A Plan for Completion

I spent more time with my PhD supervisor this morning, and we determined the following plan:

The thesis will have five chapters of about 15,000 words each.
The introduction will be about 8,000 words.
There might be a 4,000 word conclusion.

This is my current progress on each of these:

Introduction: Some of this is written as part of an existing chapter draft, but most of it will be written from scratch.
Chapter 1: I will combine two existing pieces for this chapter. I know the argument, which was the core of the paper I presented last week. I can safely say the drafting of this chapter is 2/3 complete with about 9,000 words done.
Chapter 2: No work done on this. Still need to read primary sources.
Chapter 3: 3,000 words complete for a conference paper I did last year that will cover part of the topic.
Chapter 4: 10,000 words complete.
Chapter 5: No work complete. Still need to read some of primary sources.
Conclusion: Nothing, of course.

This is the new timeline:

Article from conference paper drafted by April, 2011
Chapter 2 drafted by August, 2011
Chapter 3 drafted by January, 2012
Chapter 5 drafted by August, 2012
Full draft (and I do mean *draft*) complete by December 2012
Polished thesis complete by December 2013

Easy-Peasy!

6 comments:

Amstr said...

Yay! A plan! I always feel so much better when I have a plan. And your plan looks good. Very good.

I also find the work goes faster when there's an end in sight. That said, I'm having a very slow re-entry into research after the big push in December and the holidays.

Cheers!

Good Enough Woman said...

Master, You may not be surprised to hear that I was thinking of you when I wrote that post! So how does it compare to your plan?

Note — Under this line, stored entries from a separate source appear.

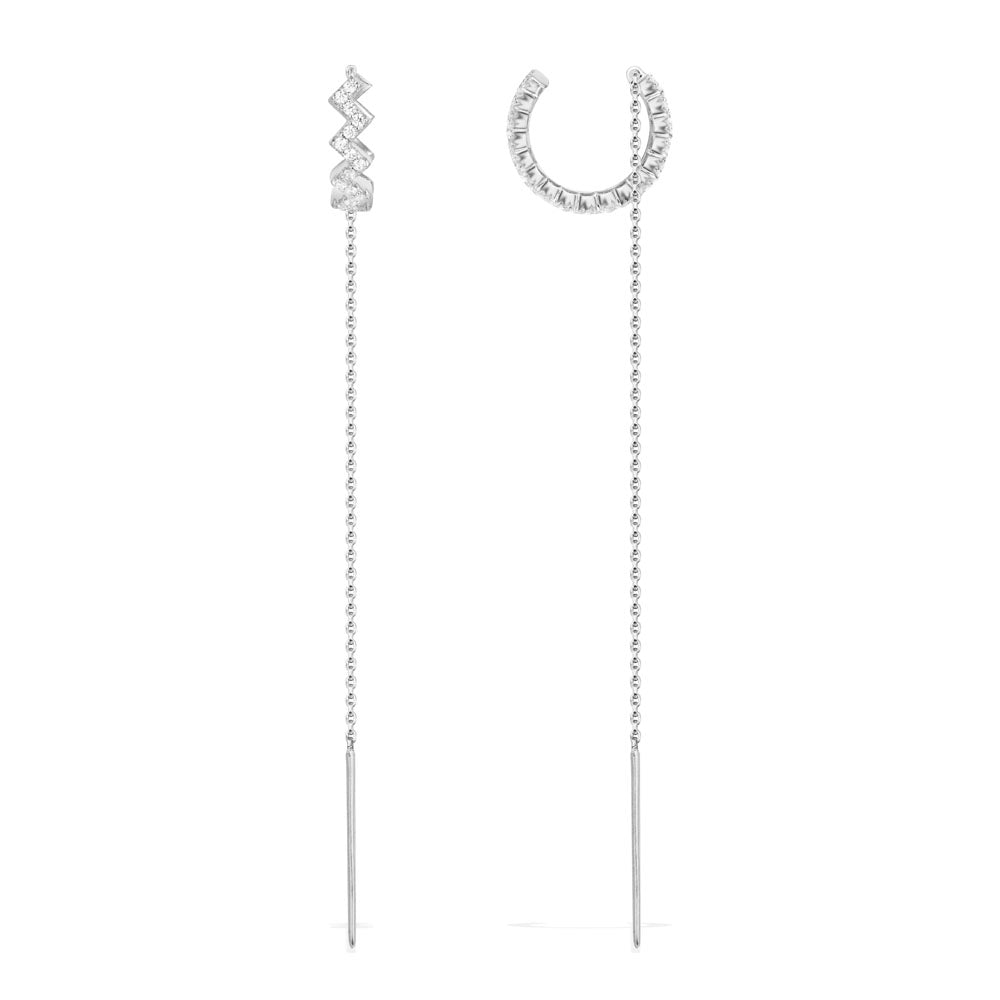 APM Silver Up and Down Earrings with Dropping Chains AE9989OX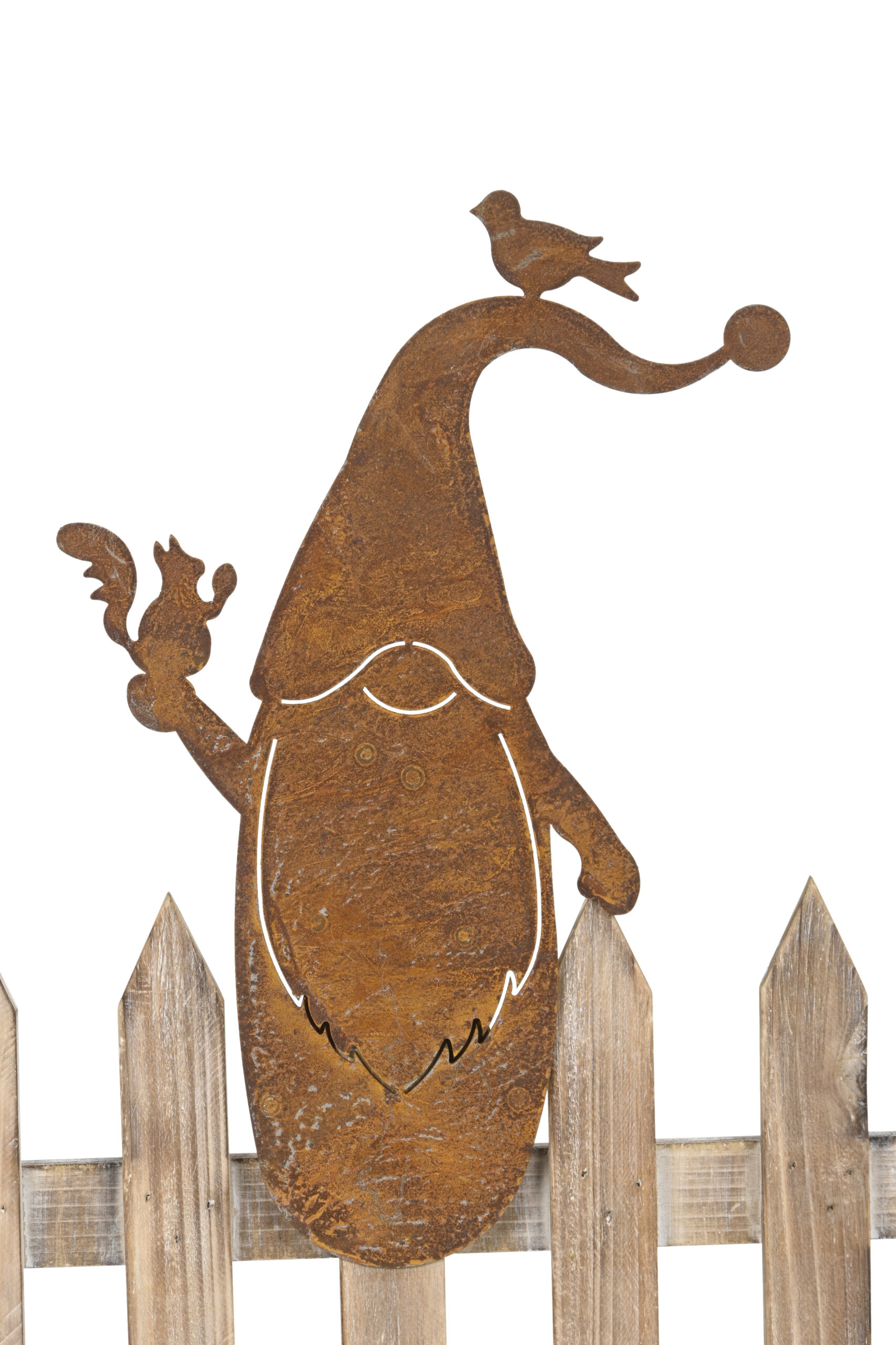 Metall Weihnacht Zaunfigur Wichtel – Zaunhocker Gnom – Gartendeko Nisse in Edelrostoptik 33cm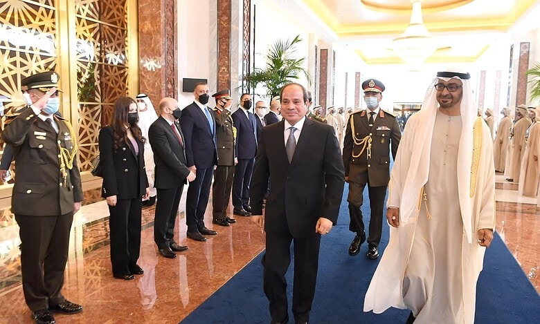 وقال ولي عهد أبو ظبي، خلال استقباله الرئيس المصري والوفد المرافق في قصر الوطن بالعاصمة الإماراتية، إن العلاقات بين الإمارات ومصر “تاريخية وأخوية متينة، وهناك دائماً رغبة مشتركة ومتجددة لتعزيزها في مختلف القطاعات الحيوية الاقتصادية والاستثمارية وغيرها من المجالات التي تشهد باستمرار تقدماً وتطوراً”.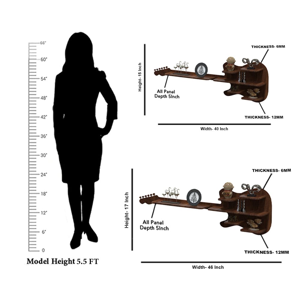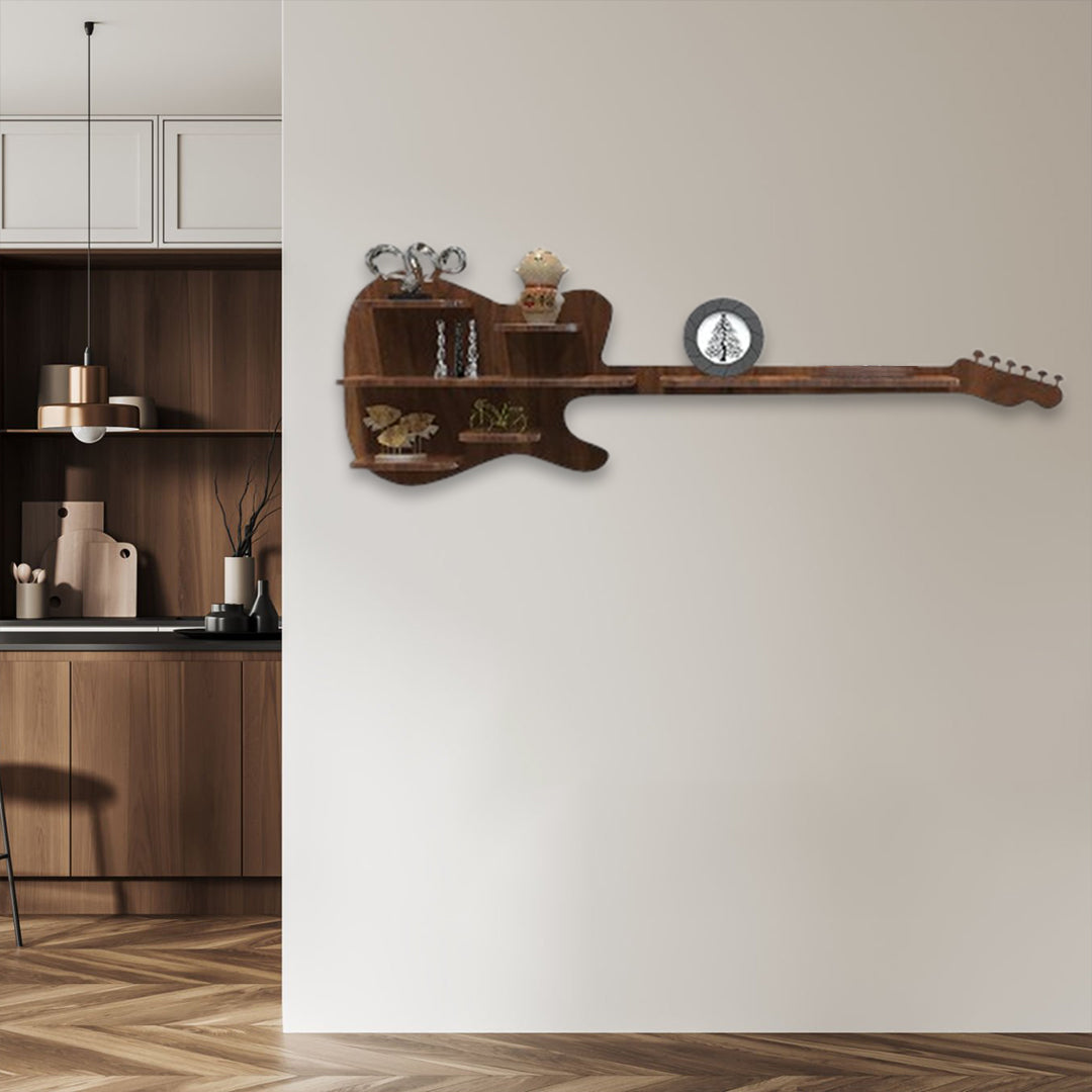 This exquisite Guitar Shape Wall Shelf brings a unique decor for your bare walls with a great utility. It is matte finished with walnut color, made of imported Engineered wood. Ideal for living room, Bedroom, Study room, Kid's room. Can be used as Book shelf, wall shelf, Toy shelf, showcase etc. The package includes all accessories like nails, wall plugs, instructions needed to hang on wall

As for your renter, I don't blame you. You must have been so burnt by the push for that book chapter. How long was it? 7500ish? Do you have a good pathway back in?

Fie upon this quiet life! said...

Yikes. If my dissertation were that long, I'd still be working on it. You must be in a program that actually cares about their students' dissertations. Mine was pretty much a hoop. Then again, no one expects you (or me, that is) to have a new idea about Shakespeare. Hm. I'm sure that my whole diss was under 50,000 words: three chapters, intro and conclusion.

I guess it also depends on what kind of job you want. I wanted a teaching job, not a R1 job. So I just got 'er done. What kind of job do you want?

Good Enough Woman said...

Fie, I think that in the UK, the 100,000 word thesis (dissertation) is typical. The whole degree is focused more on the thesis itself-- no comps, no orals, little coursework. It's all about the thesis. As for a job? I'll probably just keep the one I have. If, after I'm finished, the university in my town hires a c18 person, or a Brit Lit generalist, I *might* consider applying, but, frankly, I don't think I'd be very competitive even though I have a lot of friends among the faculty there. They get applicants from Yale now. Plus, I can't imagine they'd be able to match the salary that I'll be making by then at my current position. So, as crazy as it sounds, I'm kind of doing the thesis just for my own sake. I'll get a little raise in salary that, over time, will cover the money it cost to do the program. I do hope, perhaps, that the PhD might open some opportunities here or there in the future, but I've got a good CC job, and I'm thankful for it. Reading so many academic blogs makes me realize how thankful I am! BTW, I hope you're feeling better!

This Ro(a)mantic Life said...

The plan sounds so nice and concrete. Glad you've got it all mapped out and that you've got what look like very manageable steps to get from now till the end of the timeline. Yay, GEW!

loveskidlit said...

Good plan. Very manageable! And I agree: reading academic blogs is heart breaking. I can't imagine being on the market right now (sorry, Fie!).